Let’s untangle this question a bit and explore the often complex relationship between open source software licensing and patents in today's tech landscape.
Intro
By default, software you or others develop is protected by copyright and is therefore proprietary. Open source software (OSS) licenses lift the copyright or define specific clauses governing how the open source software may be used, modified and distributed. Permissive licenses (e.g., MIT, Apache) allow for more flexible use, including in proprietary software. Copyleft licenses (e.g., GPL) require derivative works to be distributed under the same open source terms.
Patents, on the other hand, are a legal right granted on application to new and inventive inventions, and not all software you develop will be considered patentable (this depends on jurisdiction).
OSS and patents represent two distinct approaches to intellectual property protection. While OSS promotes disclosure, collaboration, and open innovation, patents grant exclusive rights to inventors.
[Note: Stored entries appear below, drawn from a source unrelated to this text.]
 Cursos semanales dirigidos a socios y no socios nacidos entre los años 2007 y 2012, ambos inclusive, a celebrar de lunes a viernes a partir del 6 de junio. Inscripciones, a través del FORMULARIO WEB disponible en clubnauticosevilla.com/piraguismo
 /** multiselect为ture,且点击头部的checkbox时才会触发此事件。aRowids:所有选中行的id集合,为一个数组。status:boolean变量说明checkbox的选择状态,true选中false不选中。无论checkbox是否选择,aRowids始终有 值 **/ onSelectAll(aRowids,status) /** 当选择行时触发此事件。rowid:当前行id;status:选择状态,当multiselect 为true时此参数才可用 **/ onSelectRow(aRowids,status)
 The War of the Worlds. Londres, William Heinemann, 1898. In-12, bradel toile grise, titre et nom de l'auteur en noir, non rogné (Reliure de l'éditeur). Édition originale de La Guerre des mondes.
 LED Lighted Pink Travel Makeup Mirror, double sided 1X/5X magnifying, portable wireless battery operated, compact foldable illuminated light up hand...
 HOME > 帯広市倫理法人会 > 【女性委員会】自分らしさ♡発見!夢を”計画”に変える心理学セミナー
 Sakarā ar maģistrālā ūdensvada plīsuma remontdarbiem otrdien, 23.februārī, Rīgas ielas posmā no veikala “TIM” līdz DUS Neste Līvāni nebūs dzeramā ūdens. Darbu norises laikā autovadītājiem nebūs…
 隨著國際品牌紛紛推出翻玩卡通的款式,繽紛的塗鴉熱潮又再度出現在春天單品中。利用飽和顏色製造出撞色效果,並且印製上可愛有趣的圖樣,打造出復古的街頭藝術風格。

However, these two concepts are not mutually exclusive and often intersect in interesting ways. For example, a piece of software may be considered proprietary under copyright, however not be protected by any patent (this may leave room for work-around solutions). The software may, on the other hand, be open source but protected by patents, and so on. Below, we cover a number of such constellations and some special considerations.
Patent Implications in Open Source
Many open source licenses include patent clauses that affect how patents can be used in relation to the licensed software:
- Patent grants: Some licenses, like the Apache License 2.0, include explicit patent grants, allowing users to utilize any patents held by contributors that are necessary to use the software.
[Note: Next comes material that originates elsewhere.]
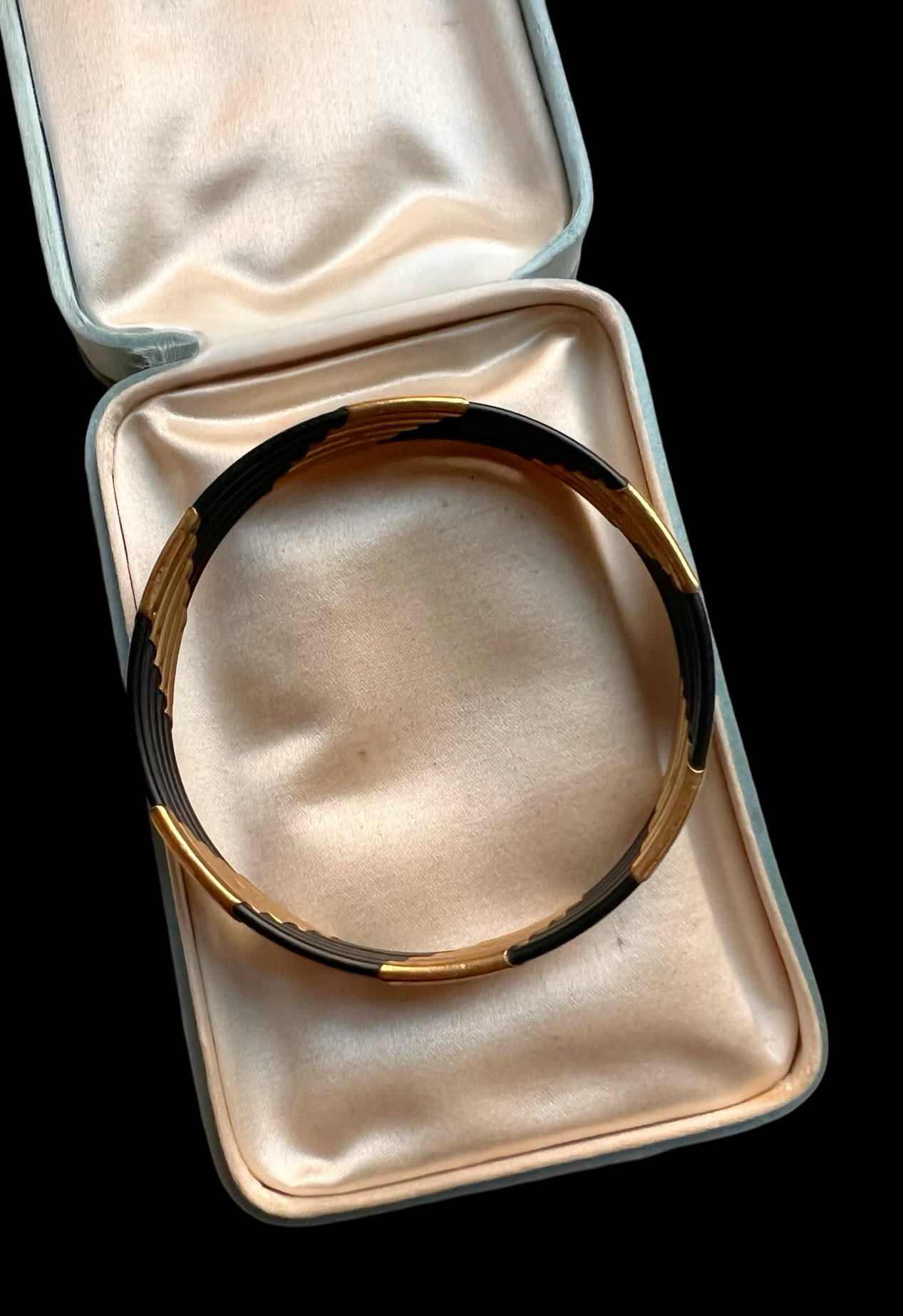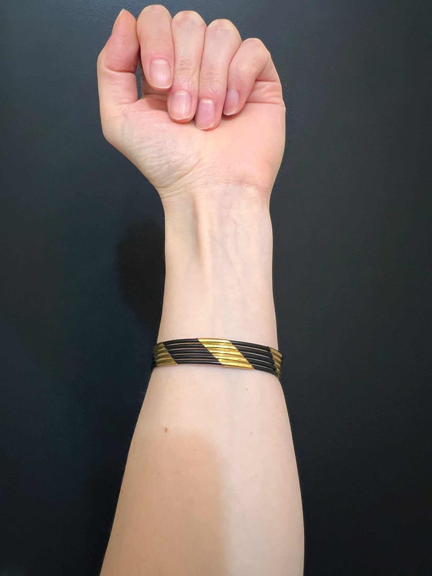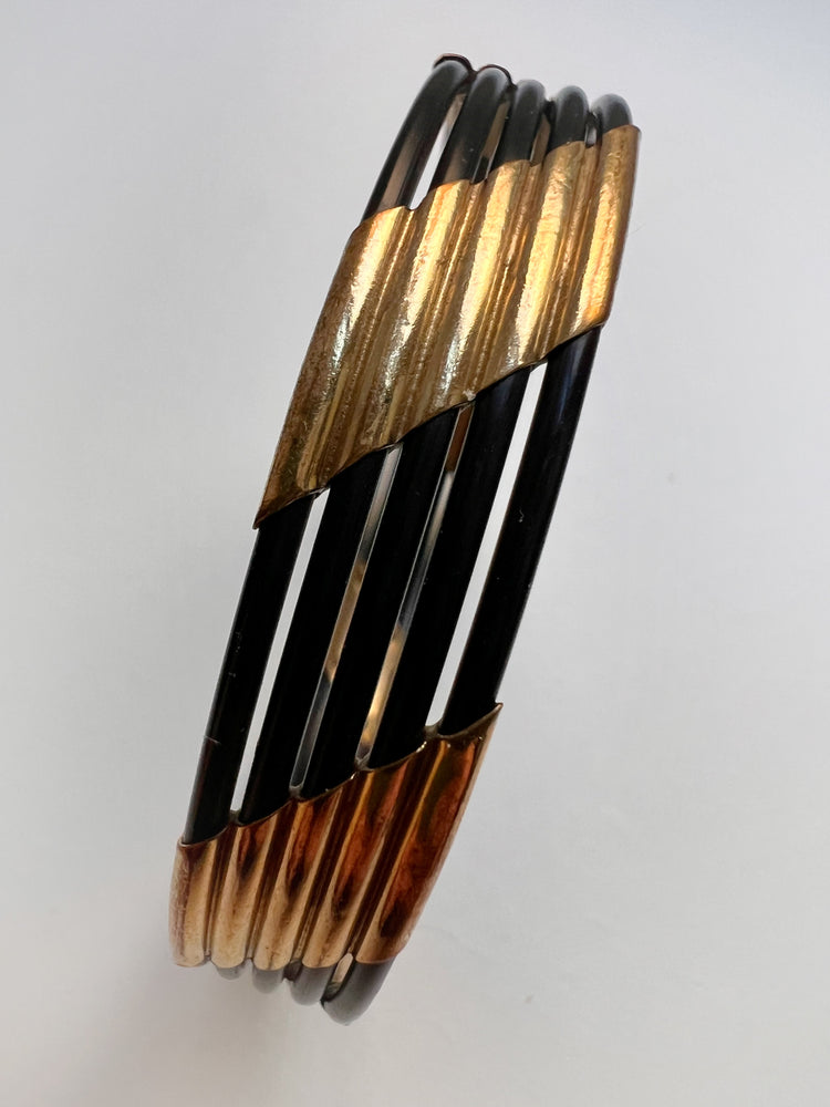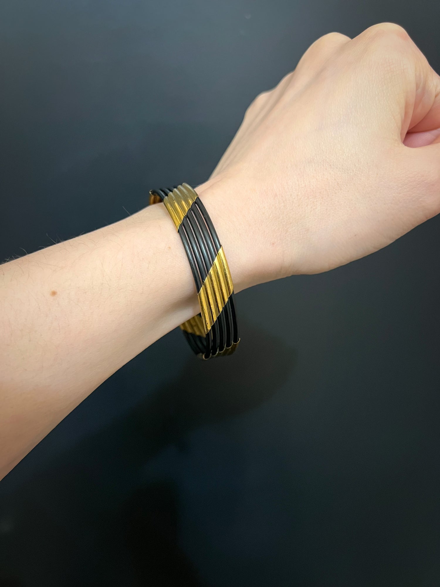 This is the chunkiest elephant hair bangle I have found so far, with 5 strands of elephant tail hair connected with alternating sections of rolled 14ct gold.

- Patent retaliation clauses: These provisions terminate the license if a user initiates patent litigation against the software or its contributors.
Challenges and Considerations
Developing software today without using OSS in some form is almost unthinkable, therefore all software companies must carefully consider their IP strategy also as it relates to patents.
- For example, OSS may inadvertently infringe on existing patents. Most open source licenses do not provide patent indemnification, include explicit patent grants or contain liability protection. Companies are advised to consider their freedom to operate (FTO).
- Further, while companies can file patents on their contributions to OSS projects as they relate to new inventions, they need to be sure to abide by the terms of the open source project, which may make such patents unenforceable.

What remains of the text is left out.